産まれの謂れに纏わる者が誰であったのか?


真実が観えて来る・・・

美晴は、傍に座るルマの話に聞き入っていた。


天井を見上げて、遠い昔を思い出しているルマの横顔を見詰めながら。



「天使長ミハエルさんに逢えたのは、その時が最初だった・・・」


「最初?じゃぁまた会えたの?」


咄嗟に訊いた美晴に、それまで上を向いていたルマが振り返ると。


「ええ、そう。

 二度目に逢ったのは、マモルと結婚した後のことだったわ」


ルマの願いは成就された。

その後、再び天使長ミハエルが現れたのだと教える。


「そして、その日を最期に。

 彼等は粛罪の旅路へと旅立って往った・・・」


「罪を祓う旅・・・粛罪の旅?」


美晴が訊き直しても、ルマからは答えが戻って来なかった。


「全ては、あの日に教えられたことがきっかけになった。

 義理母みゆき様から告げられ、義理父まこと様が願われた。

 私に子を産んで欲しいと・・・」


再び天井を見上げる仕草を執るルマの言葉に、美晴はついに真相が語られる段になったのを悟る。





事の起こりは、美晴の祖母、美雪の軽はずみな言動から始まってしまった。


それは島田一家がフェアリアに駐在していた頃の話。

フェアリア王室から招聘された美雪が、失くした筈の娘の存在を知った事がきっかけだった。

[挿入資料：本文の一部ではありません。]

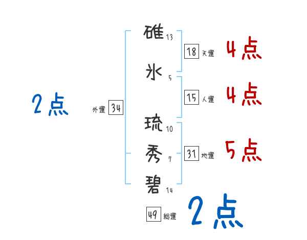 碓氷琉秀碧さんの外運は34画の2つ星

「あなた!やはり辞めておきましょう。このような神に背く行いなどは」


美雪が夫であるまことの手を取り止めたのだが。


「分かっているが・・・私には他に方法が見つけられないのだよ」


妻から止められても、夫は計画を諦めようとはしなかった。


「ルナリーン姫に宿った女神から知らされたのだろう?

 あの子は失われた訳ではないのだと。

 女神として存在し続けていると言っていたじゃぁないか」


内密にしておかなければいけなかった秘密を、美雪は嬉しさのあまりに誠へ漏らしてしまった。


喪った筈の娘が、どこかに存在している。

もしかすれば、手の届くところに居るのかもしれない。


不幸を嘆いていた誠にとってそれは、微かだが希望の光となった。


<昔、成そうとしていた秘術で取り戻す事が出来るかも知れない・・・>


終末戦争が始まる前。

誠と美雪はフェアリアという小国で実験を執り行った。

魂を奪われた少女を甦らせようと、転生の秘術を開発しようとしていたのだ。


実験は苦難を伴い、悲劇を生んだ。

とある危篤に陥っていた少女の魂を機械へと宿す事には成功したのだが。

魂を奪われていた少女を蘇らせるのには失敗してしまった。

その結果、美雪自身が闇に囚われる結末と成り果てたのだった・・・が。


「マジカ君の時は、傍に器に成るべきモノが無かった。

 だが、今度は予めかたちと成るべき者を造っておけば。

 美春みはると同じ体を用意できさえすれば・・・」


経験した経緯から、備えておくべきモノが分っていると言う。


「後は、闇の魔力さえ整えられれば・・・」


魂を操れるのは、悪魔の異能。

闇の異能とも言われる、負の力が必要だったのだが。


「以前は知る術も無かった。

 だが今は。闇の異能が必要なのだと分っているから・・・」


闇の異能を行使出来る方法が確立されたのだろうか?


「魂の転移に必要な分の魔力は、魔物から奪えば良いのだ。

 闇の魔物を倒せる戦力を形成し、倒した魔物から負の魔力を抽出すれば成せる」


持論を繰り広げる誠に、危機感を募らせる美雪が。


「一体どれだけの魔物を倒したら成せると言うの?

 嘗て光と闇を抱く者だった美春ミハルには、

 魔王ルシファーから委ねられた魔力があったから私を取り戻せたのよ?」


魔王級の異能でしか、魂の転移は行使できないと言い。


「それよりも。

 一番恐ろしいのは、容として産まれた子の魂は?

 美春を取り戻す為にだけ生み出された子の魂は、虚しく消えれば良いとでも?」


生み出された子の魂はどうするのかと質したのだ。


「もしも無になってしまうと言うのであれば。

 美春は転移を拒否してしまうでしょう。

 禁忌に触れるだけに留まらず、

 人を人とも思わない術で蘇るのを良しと言う筈が無いわ」


「初めから無となる定めとして生み出されるのであれば。

 それは人では無く、人の形を採った器だと思う事だ。

 分っている筈だ、全ては美春を人として取り戻す為に他ならないのが」


美雪は拒んだが、誠は計画を実行に移そうと頑なになっていた。

それもこれも、愛しい我が娘を復活させる為なのだと言い切られて。


美雪も、心の中では美春が蘇るのを願っていた。

亡くした我が子が還って来れるのであれば、どんなことでもしてやりたいと思うのが親というモノだろうから。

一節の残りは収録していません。